### What you need to do
Print a faithful copy of the data below, word for word, with the pictures left out.

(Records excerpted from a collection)
^^^^^^^^

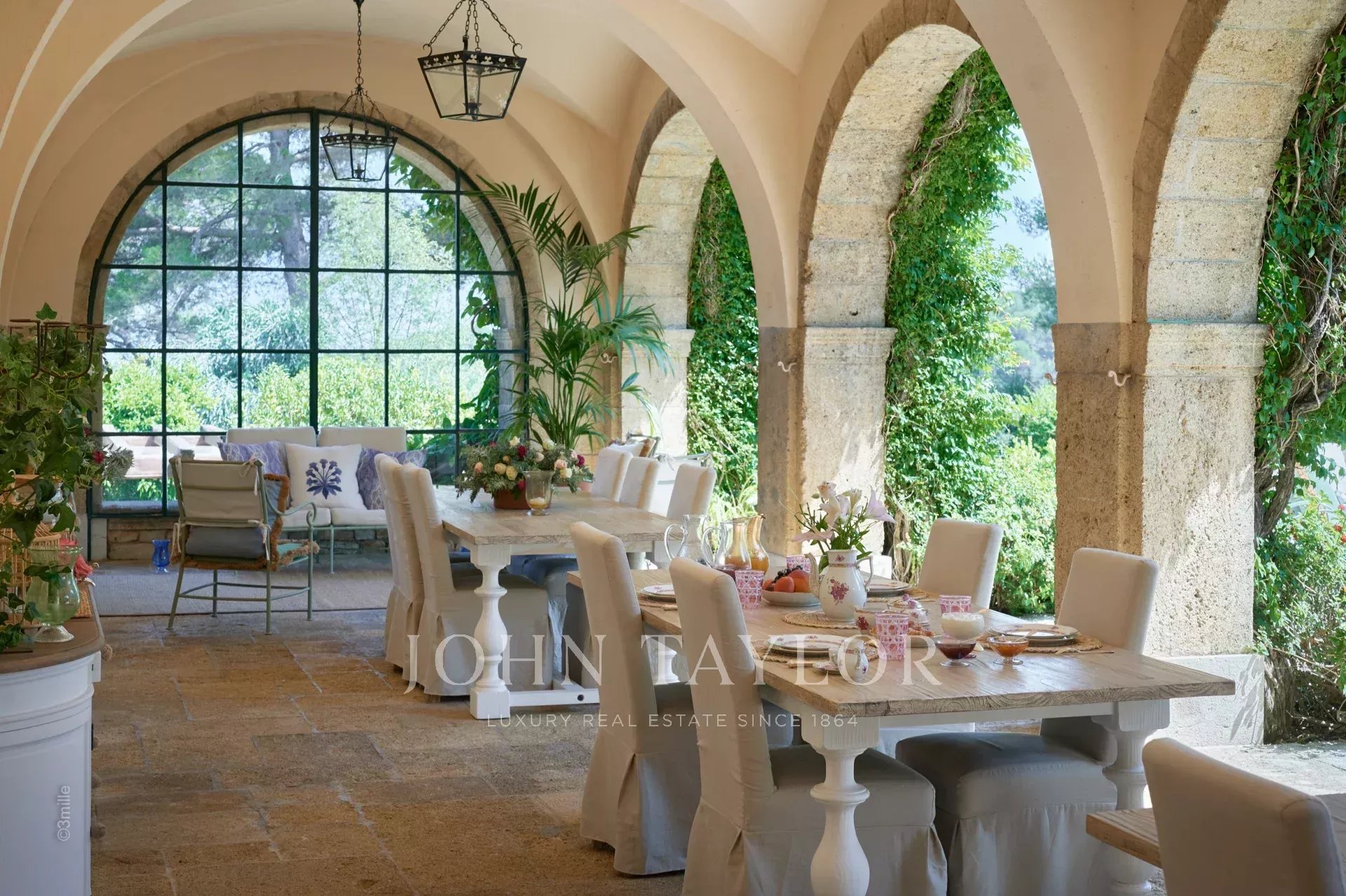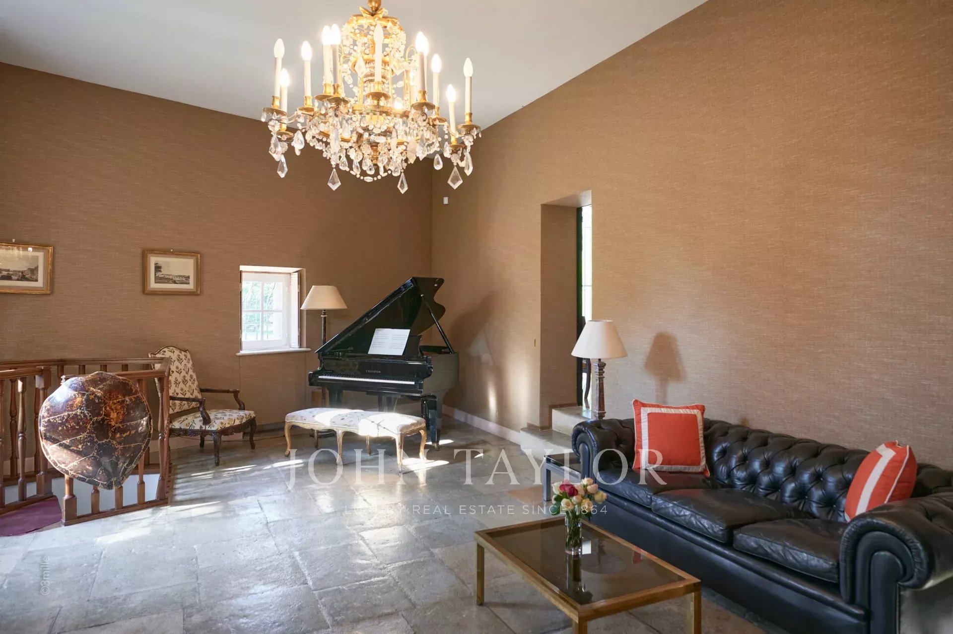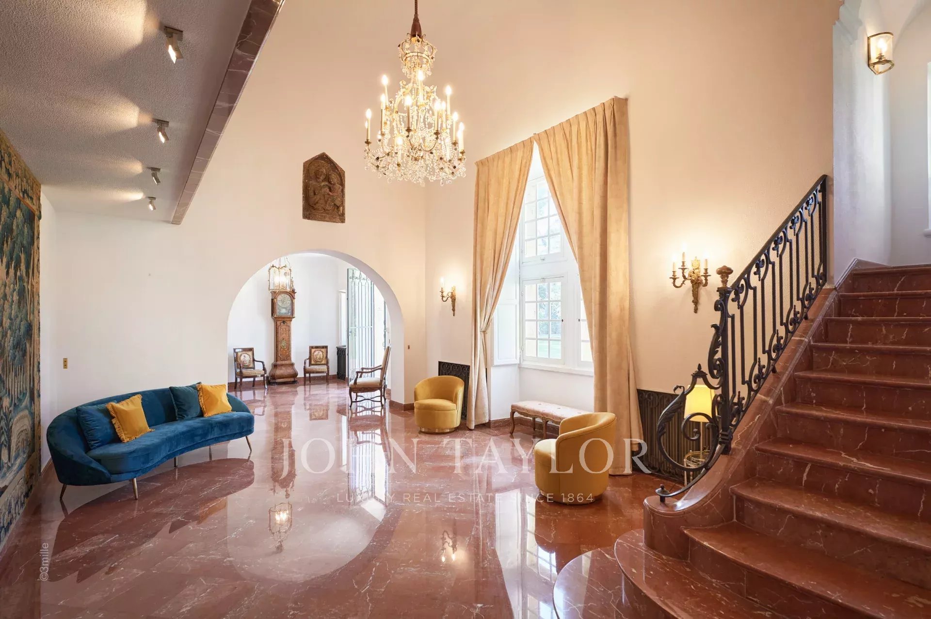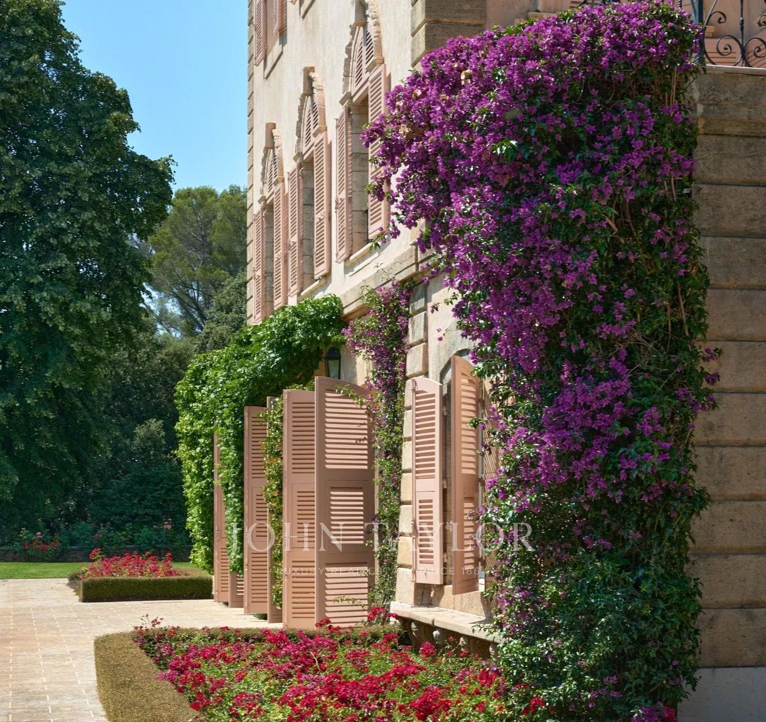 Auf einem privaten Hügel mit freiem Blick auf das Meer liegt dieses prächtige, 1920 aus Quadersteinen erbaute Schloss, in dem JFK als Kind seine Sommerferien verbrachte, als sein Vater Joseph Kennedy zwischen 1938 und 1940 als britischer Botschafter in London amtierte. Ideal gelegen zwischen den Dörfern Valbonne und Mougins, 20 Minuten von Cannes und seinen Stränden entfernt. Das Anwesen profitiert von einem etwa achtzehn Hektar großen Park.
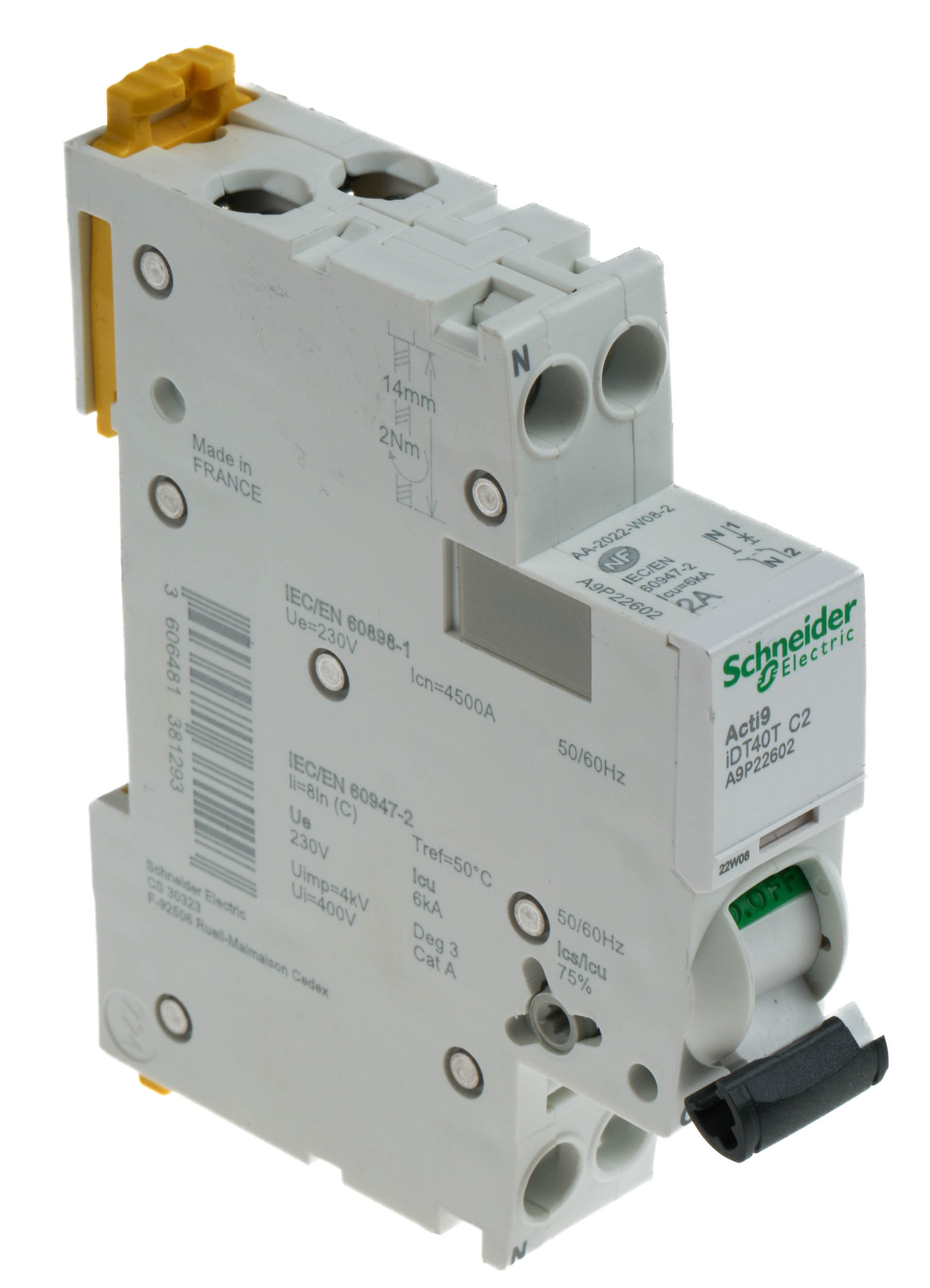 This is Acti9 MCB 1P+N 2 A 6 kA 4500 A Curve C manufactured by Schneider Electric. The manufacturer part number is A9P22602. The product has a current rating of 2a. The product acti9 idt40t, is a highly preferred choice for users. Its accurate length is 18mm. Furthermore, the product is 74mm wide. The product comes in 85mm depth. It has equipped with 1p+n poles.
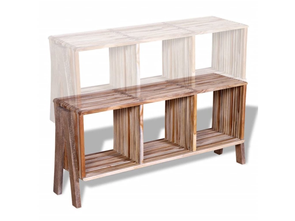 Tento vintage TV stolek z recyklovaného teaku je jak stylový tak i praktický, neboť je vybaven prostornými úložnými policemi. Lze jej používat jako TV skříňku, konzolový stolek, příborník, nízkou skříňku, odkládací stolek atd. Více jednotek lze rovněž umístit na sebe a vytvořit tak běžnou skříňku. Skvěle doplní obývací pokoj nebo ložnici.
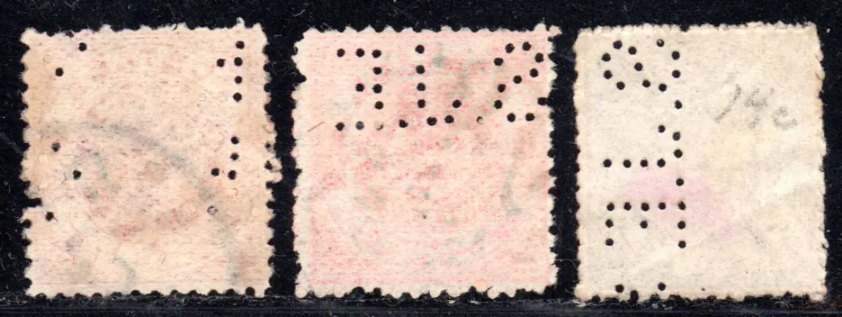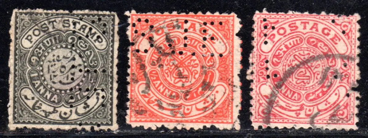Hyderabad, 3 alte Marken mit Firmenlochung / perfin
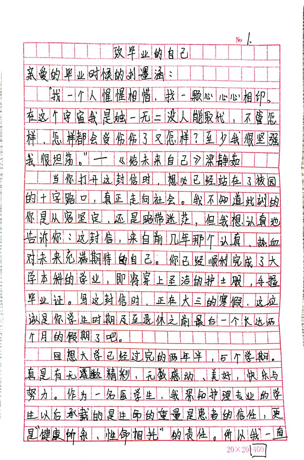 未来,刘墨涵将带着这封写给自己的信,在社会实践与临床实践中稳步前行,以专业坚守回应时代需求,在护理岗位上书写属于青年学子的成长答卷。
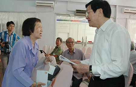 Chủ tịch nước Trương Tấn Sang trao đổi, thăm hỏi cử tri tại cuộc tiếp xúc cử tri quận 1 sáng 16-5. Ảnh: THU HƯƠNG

^^^^^^^^

### Response to the exercise
 Auf einem privaten Hügel mit freiem Blick auf das Meer liegt dieses prächtige, 1920 aus Quadersteinen erbaute Schloss, in dem JFK als Kind seine Sommerferien verbrachte, als sein Vater Joseph Kennedy zwischen 1938 und 1940 als britischer Botschafter in London amtierte. Ideal gelegen zwischen den Dörfern Valbonne und Mougins, 20 Minuten von Cannes und seinen Stränden entfernt. Das Anwesen profitiert von einem etwa achtzehn Hektar großen Park.
 This is Acti9 MCB 1P+N 2 A 6 kA 4500 A Curve C manufactured by Schneider Electric. The manufacturer part number is A9P22602. The product has a current rating of 2a. The product acti9 idt40t, is a highly preferred choice for users. Its accurate length is 18mm. Furthermore, the product is 74mm wide. The product comes in 85mm depth. It has equipped with 1p+n poles.
 Tento vintage TV stolek z recyklovaného teaku je jak stylový tak i praktický, neboť je vybaven prostornými úložnými policemi. Lze jej používat jako TV skříňku, konzolový stolek, příborník, nízkou skříňku, odkládací stolek atd. Více jednotek lze rovněž umístit na sebe a vytvořit tak běžnou skříňku. Skvěle doplní obývací pokoj nebo ložnici.
Hyderabad, 3 alte Marken mit Firmenlochung / perfin
 未来,刘墨涵将带着这封写给自己的信,在社会实践与临床实践中稳步前行,以专业坚守回应时代需求,在护理岗位上书写属于青年学子的成长答卷。
 Chủ tịch nước Trương Tấn Sang trao đổi, thăm hỏi cử tri tại cuộc tiếp xúc cử tri quận 1 sáng 16-5. Ảnh: THU HƯƠNG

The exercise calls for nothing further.